Так что смягчение режима было вынужденным и обязано было осуществиться при любом раскладе в верхах. Однако сами реформы могли пойти двумя путями. Первый — номинально сохранить культ Сталина, оставить на словах верность "сталинскому курсу", но при этом предпринять кардинальные меры по улучшению жизни народа и фактически изменить этот самый курс на противоположный. По такому пути впоследствии пошел Китай в результате преобразований Дэн Сяопина — при нерушимости культа Мао Цзэдуна, его катастрофические эксперименты прекратились и было взято направление на нормализацию жизненных условий и повышение народного благосостояния. Второй вариант низвергнуть персону Сталина, свалить на него все прежние грехи и ошибки, но на деле продолжать его политическую линию.

Сторонником первого пути оказался Берия, сторонником второго — Хрущев. Да, как это ни парадоксально может прозвучать, но во всей палитре тогдашних кремлевских деятелей Лаврентий Павлович являлся самым последовательным и. самым радикальным реформатором. Просто во все последующие годы его фигура традиционно преподносилась настолько однобоко, настолько трансформировалась и искажалась, что к настоящему времени мы по сути имеем дело не с реальным образом Берии, а с легендой о Берии. Легендой, начавшей целенаправленно формироваться при Хрущеве и сделавшей из него "преступника номер два" после Сталина, причем не просто преступника, а эдакого карикатурного злодея, крайне тупого, ограниченного и самодовольного. Что имеет очень мало общего с его настоящим историческим портретом. Ну разумеется, он являлся одним из сталинских палачей — но только одним из них, и кстати, даже в этом качестве до "второго номера" никак не дотягивал.

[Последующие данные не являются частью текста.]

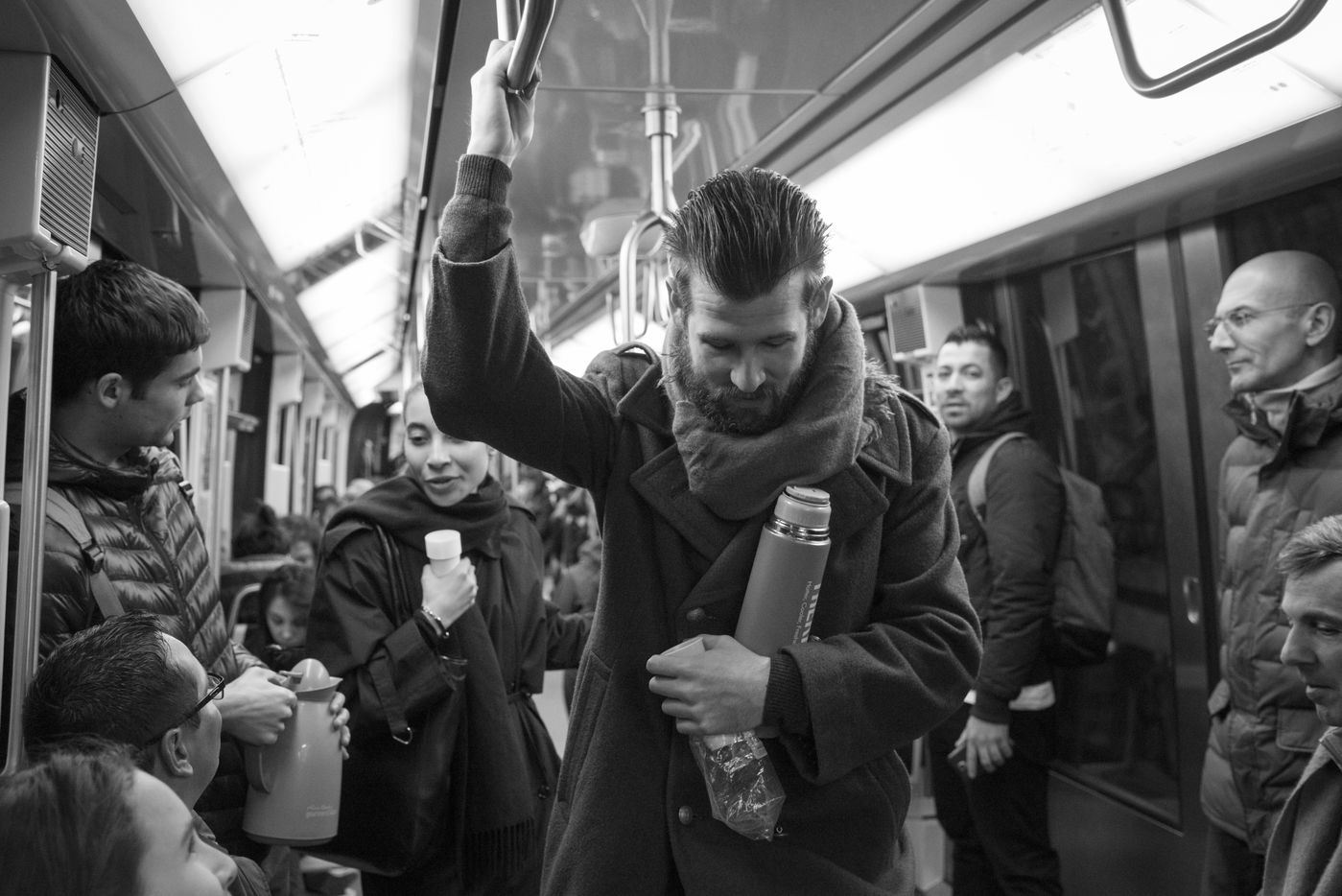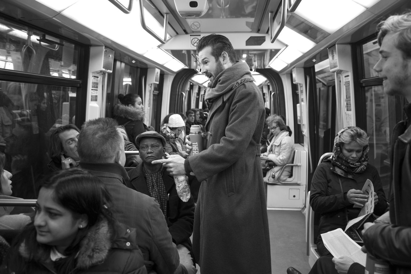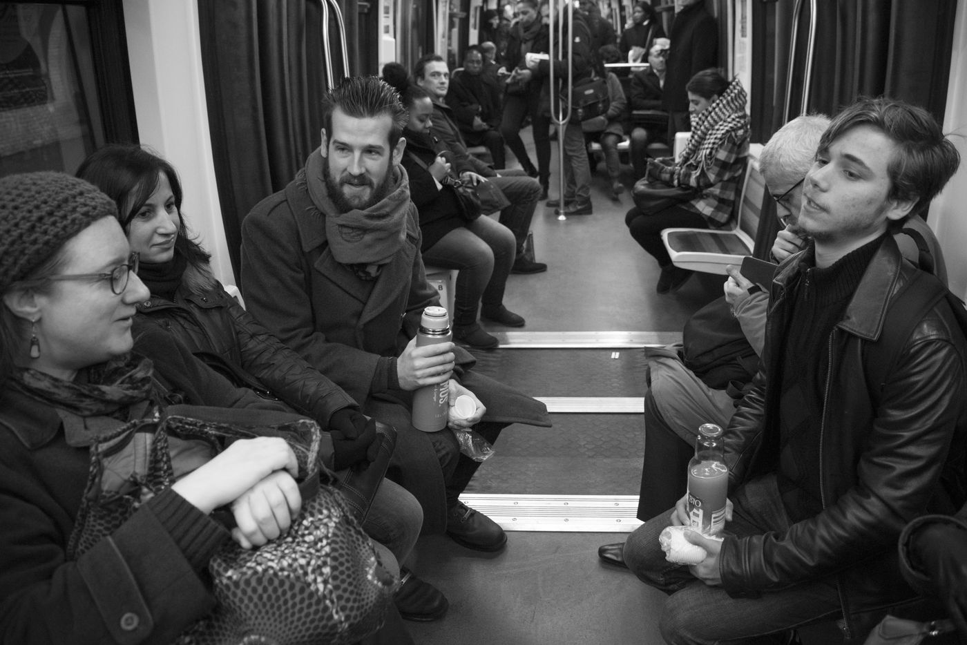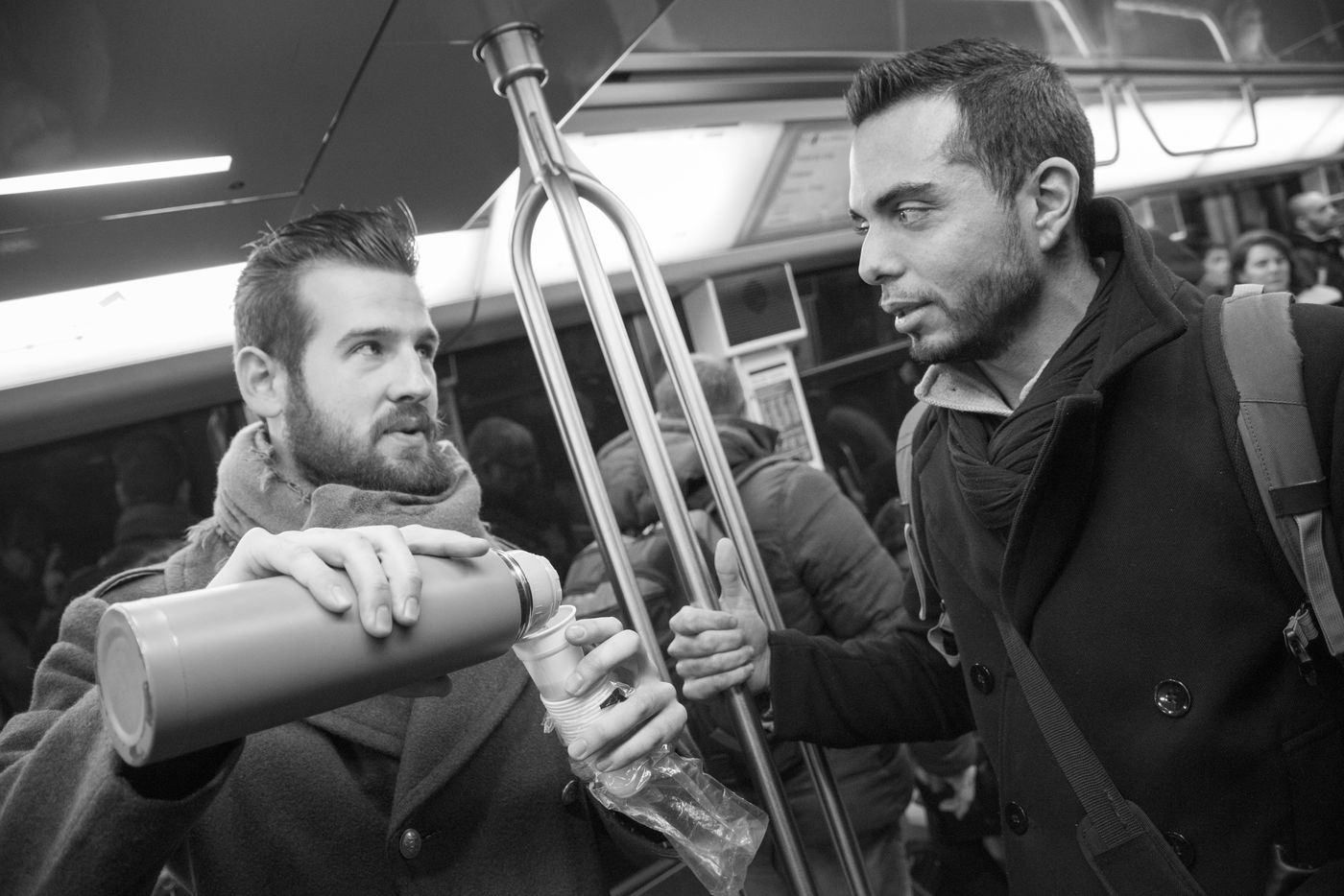 8h30, sur le quai de la ligne 1, quelques jeunes se retrouvent, sourires aux lèvres. Comme tous les lundis matins ils vont distribuer du café, du thé ou des jus aux usagers du métro sur la route du travail avant d'aller eux-mêmes travailler. Cette initiative citoyenne est née de l'envie de faire 'tomber les masques', d'aller à la rencontre des autres, de faire sourire les gens dans le métro et rapprocher les parisiens, en octobre 2015. Leur énergie communicative tout au long de la ligne se ressent, et si certains s'étonnent de cette initiative totalement altruiste, la plupart sont bien contents que leur trajet quotidien s'anime.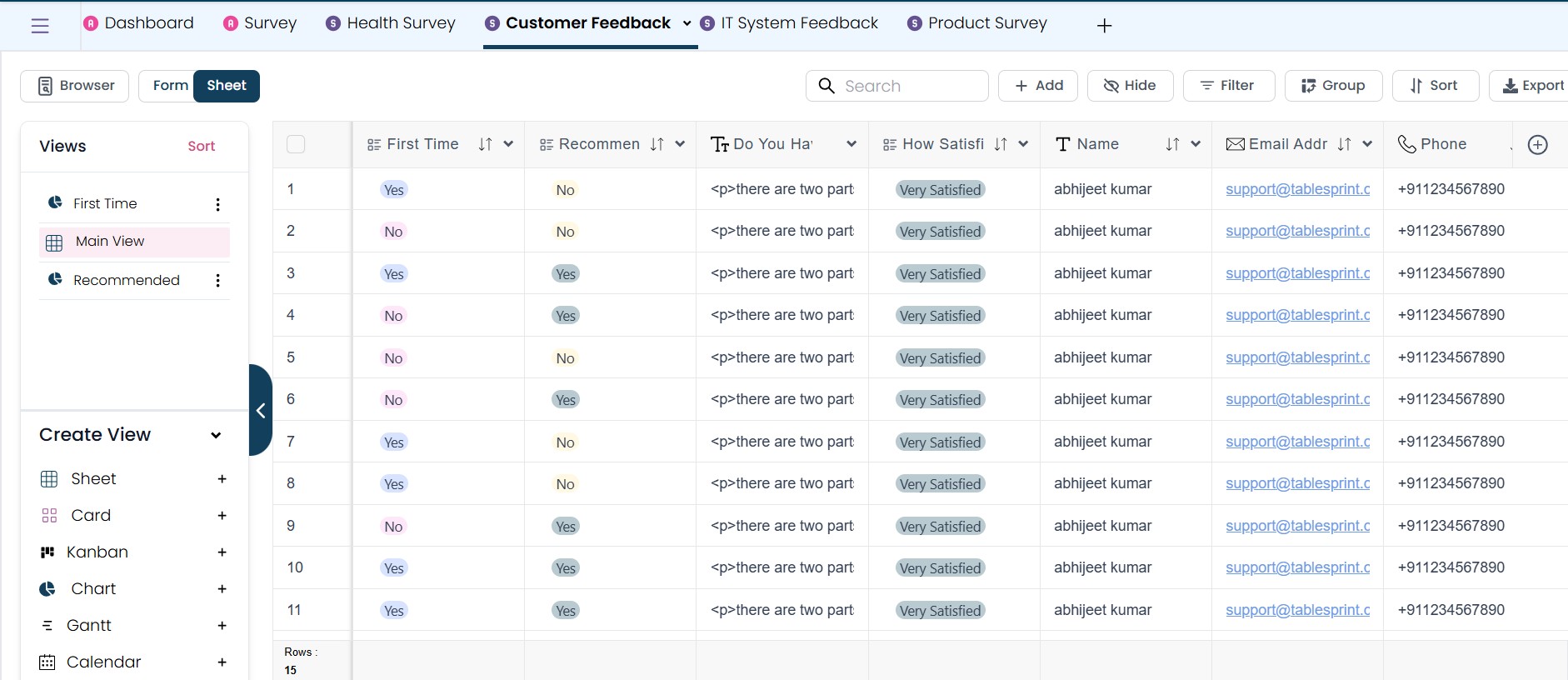 Simplify your surveys and feedback collection process with TableSprint, and stay organized always!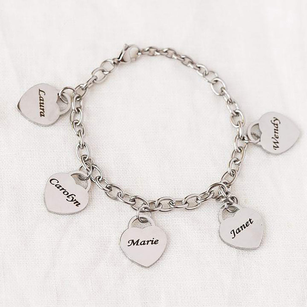 Custom Heart Gold Charm Bracelet Mom Bangle Bracelet Custom Bracelet for Mom with Children's Names Gift for Women

Стоит лишь вспомнить тот факт, впоследствии каким-то образом завуалированный и затушеванный, что главой НКВД он был только с конца 1938 г., когда кампанию террора было уже решено сворачивать, и по 1942 г. Поэтому те же самые соперники по Политбюро, которые впоследствии его свергли и сформировали "злодейский имидж", на самом-то деле по количеству пролитой крови вполне могли ему фору дать. Вот они-то как раз руководили массовыми репрессиями, когда те были в самом разгаре, и участие в данной кампании принимали очень даже активное. Молотов отдавал распоряжения насчет всех чисток в партийных органах, и на расстрельных списках партработников сплошь и рядом красовались его резолюции. Ворошилов практически возглавлял репрессии в военной среде, визировал все списки на уничтожение командиров, а часто и сам отдавал соответствующие приказы. Каганович крепко приложил руку к арестам и казням среди работников промышленности и транспорта. Маленков в тот период вообще курировал НКВД, так что занимал «достойное» место рядом с Ежовым. А Хрущев руководил чистками в московской парторганизации, потом возглавлял кампанию репрессий на Украине, и между прочим, даже в 39-м, когда эта кампания по всей стране пошла на спад, Никита Сергеевич настолько размахался, что сам Сталин вынужден был одернуть его телеграммой: "Уймись, дурак".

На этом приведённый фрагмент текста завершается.